EXERCISE DESCRIPTION: Could you write out exactly, and only, the lines from the one containing "ひらひらひら ちょうちょのように |" through the last line of the data, leaving out all pictures?
-=-=-
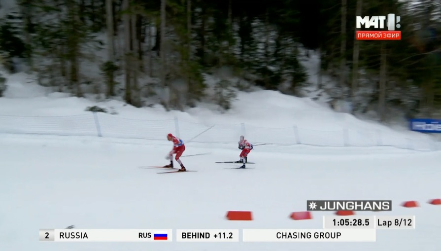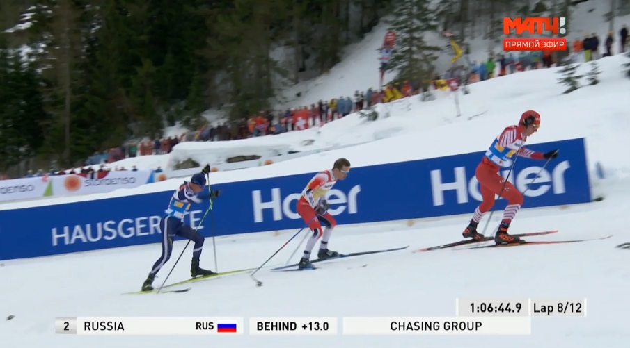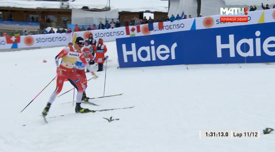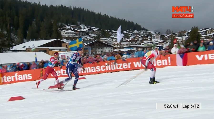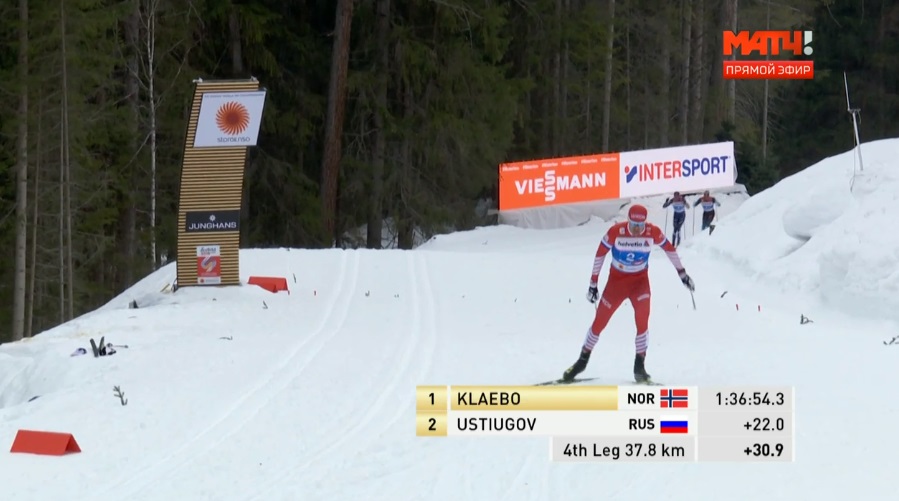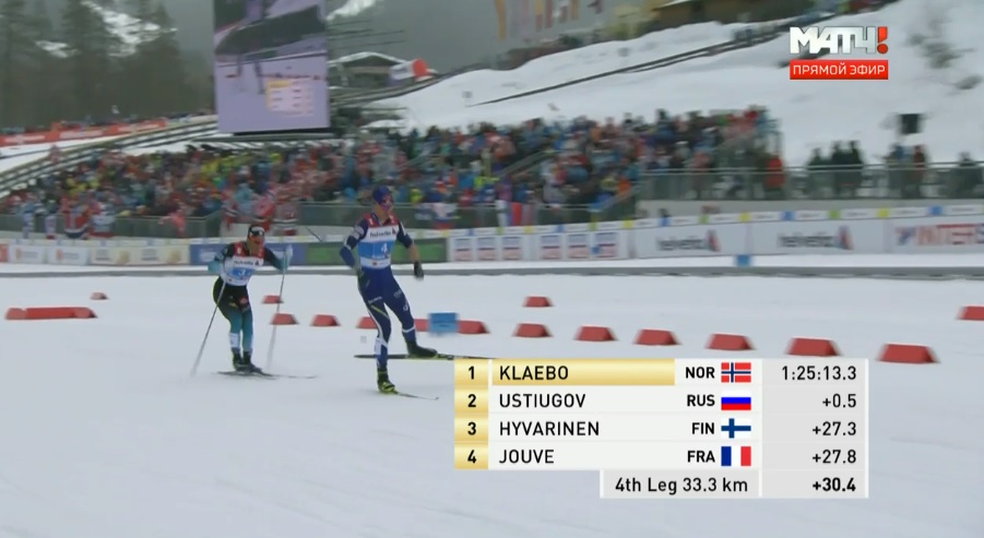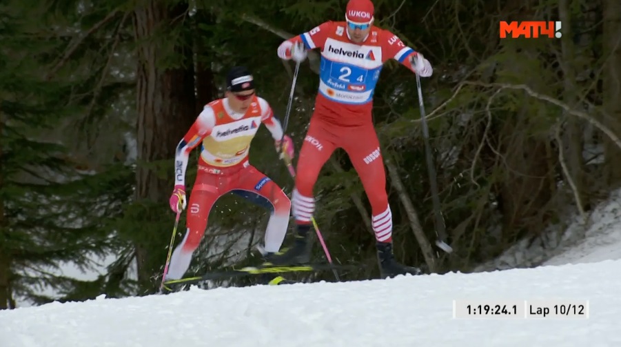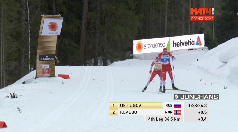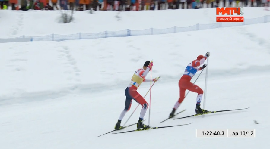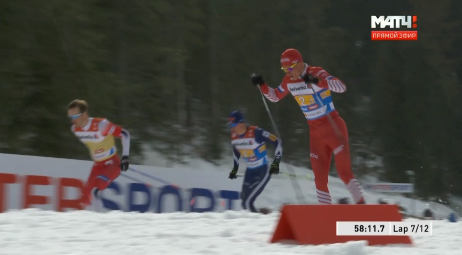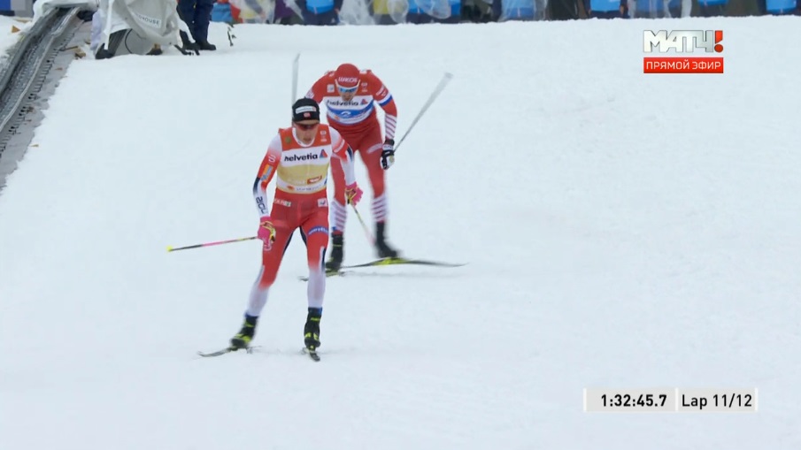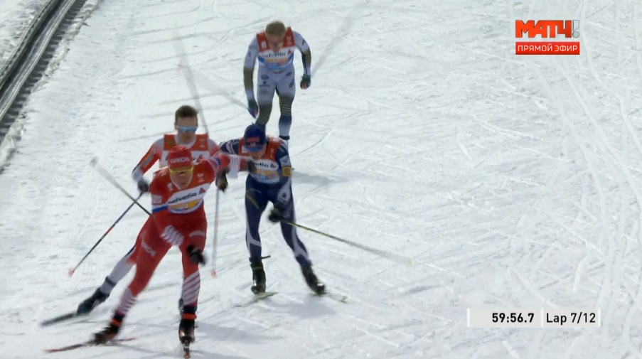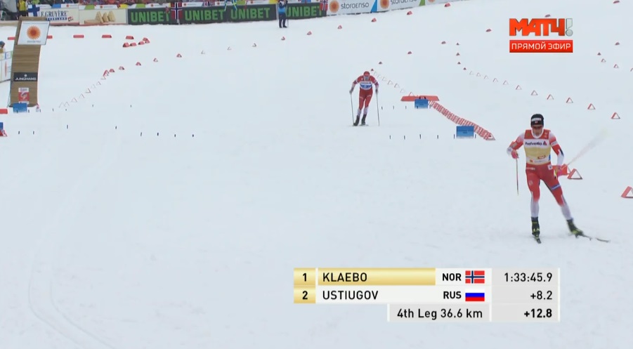 Первый круг окончен из трех. На финишной прямой чуть впереди был Клэбо, но дальше снова Устюгов потянул за собой.
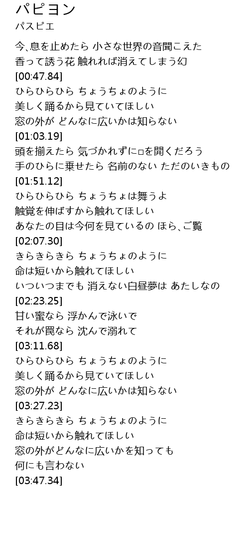 | [00:48.09] | ひらひらひら ちょうちょのように |
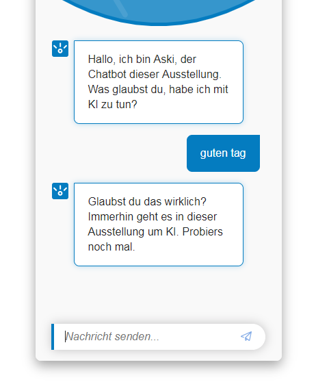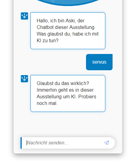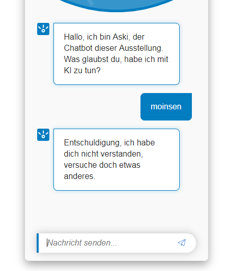 Noch keine passende Antwort, wenn der Besucher aus irgendeinem Grund die KI auch begrüßt. Probiert habe ich es mit Hallo, Grüß Gott, Guten Tag, Guten Abend, Guten Nachmittag, Guten Morgen, Hi, Hey, Servus, Moin, Moinsen, Mahlzeit. Hier ein paar Beispiele
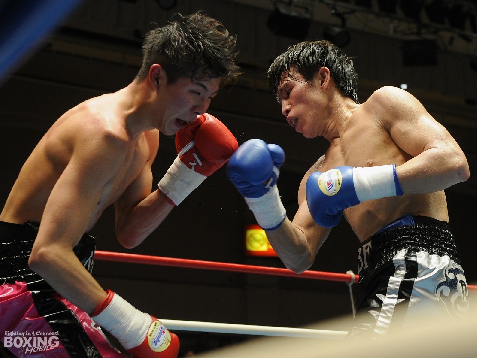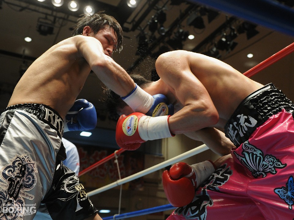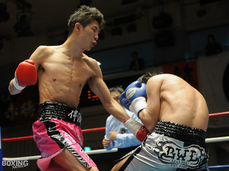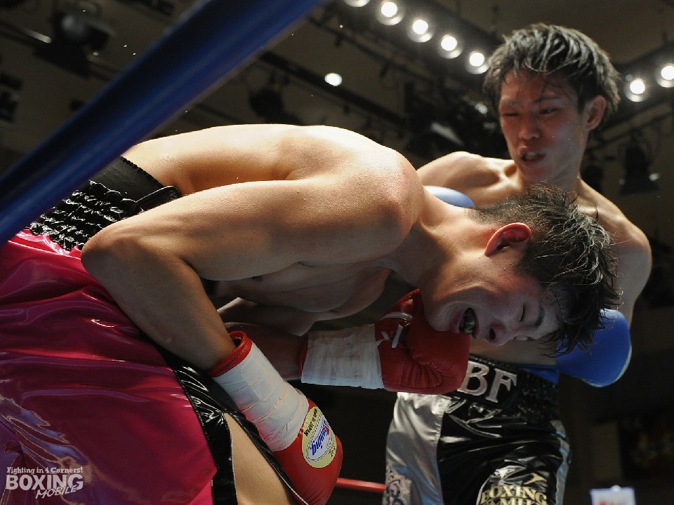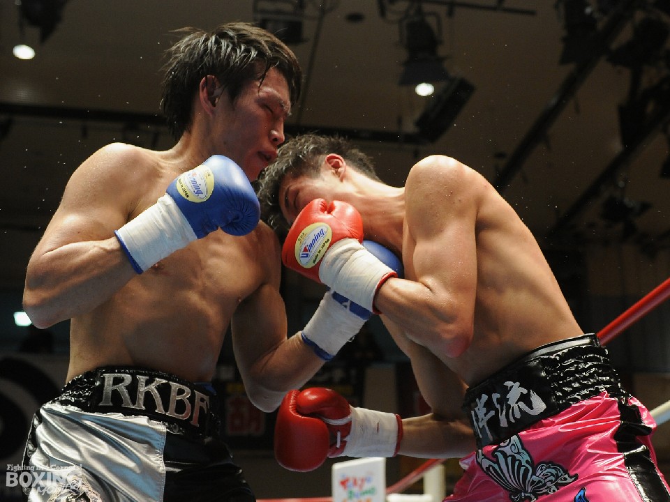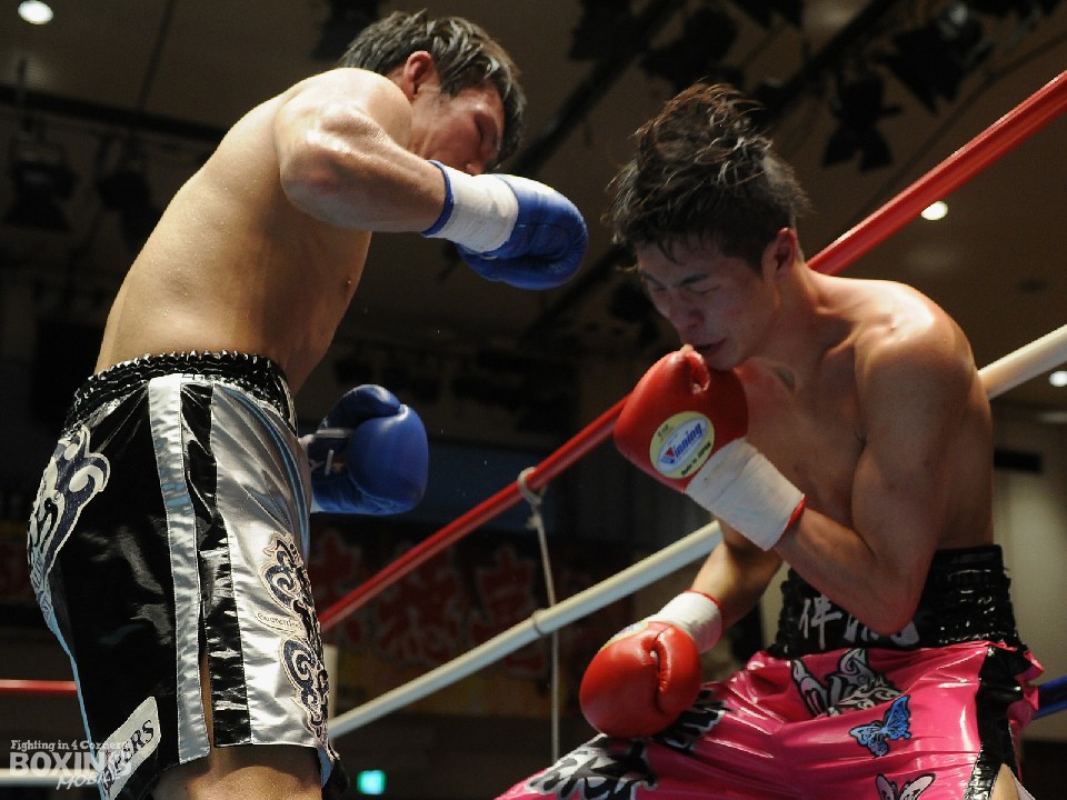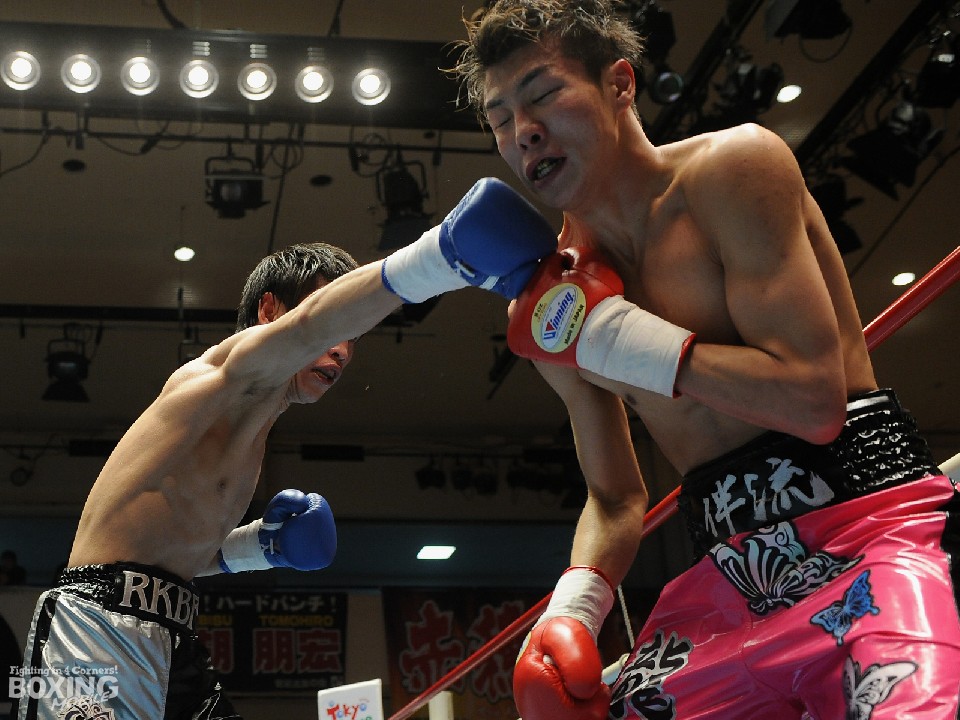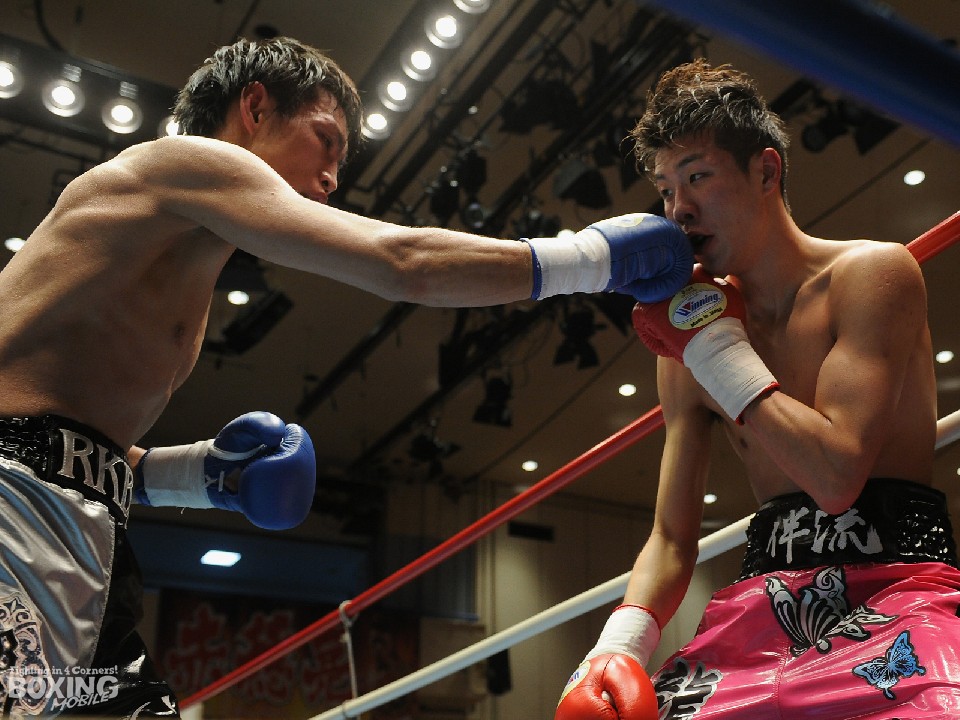 試合:サウスポー石井は右手を下げてサークリングしながらノーモーションの左を放つのに対し、アマ60戦のキャリアでB級デビューした田中はガードを上げてジリジリと距離を詰める。軽快なフットワークで被弾を回避した石井は左ストレートで先制のダウンを演出。続くラウンドも田中が前に出て石井が迎え撃った。3回、田中は距離を縮めて細かい連打で迫るが、石井はダッキングで交わして左をヒット。石井は右腕を痛めたのかダラリと下げて距離を取るようになる。4回、田中のしつこい前進が功を奏し、連打で攻勢を仕掛けるとレフェリーが石井を抱きかかえた。田中が逆転KO勝ちで初陣を飾った。
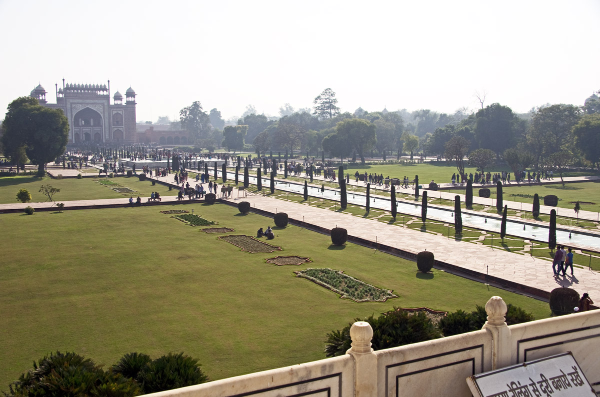 南門から四分庭園(バギーチャー),霊廟,西側のモスク(マスジド)を見る
-=-=-
ANSWER:
 | [00:48.09] | ひらひらひら ちょうちょのように |
 Noch keine passende Antwort, wenn der Besucher aus irgendeinem Grund die KI auch begrüßt. Probiert habe ich es mit Hallo, Grüß Gott, Guten Tag, Guten Abend, Guten Nachmittag, Guten Morgen, Hi, Hey, Servus, Moin, Moinsen, Mahlzeit. Hier ein paar Beispiele
 試合:サウスポー石井は右手を下げてサークリングしながらノーモーションの左を放つのに対し、アマ60戦のキャリアでB級デビューした田中はガードを上げてジリジリと距離を詰める。軽快なフットワークで被弾を回避した石井は左ストレートで先制のダウンを演出。続くラウンドも田中が前に出て石井が迎え撃った。3回、田中は距離を縮めて細かい連打で迫るが、石井はダッキングで交わして左をヒット。石井は右腕を痛めたのかダラリと下げて距離を取るようになる。4回、田中のしつこい前進が功を奏し、連打で攻勢を仕掛けるとレフェリーが石井を抱きかかえた。田中が逆転KO勝ちで初陣を飾った。
 南門から四分庭園(バギーチャー),霊廟,西側のモスク(マスジド)を見る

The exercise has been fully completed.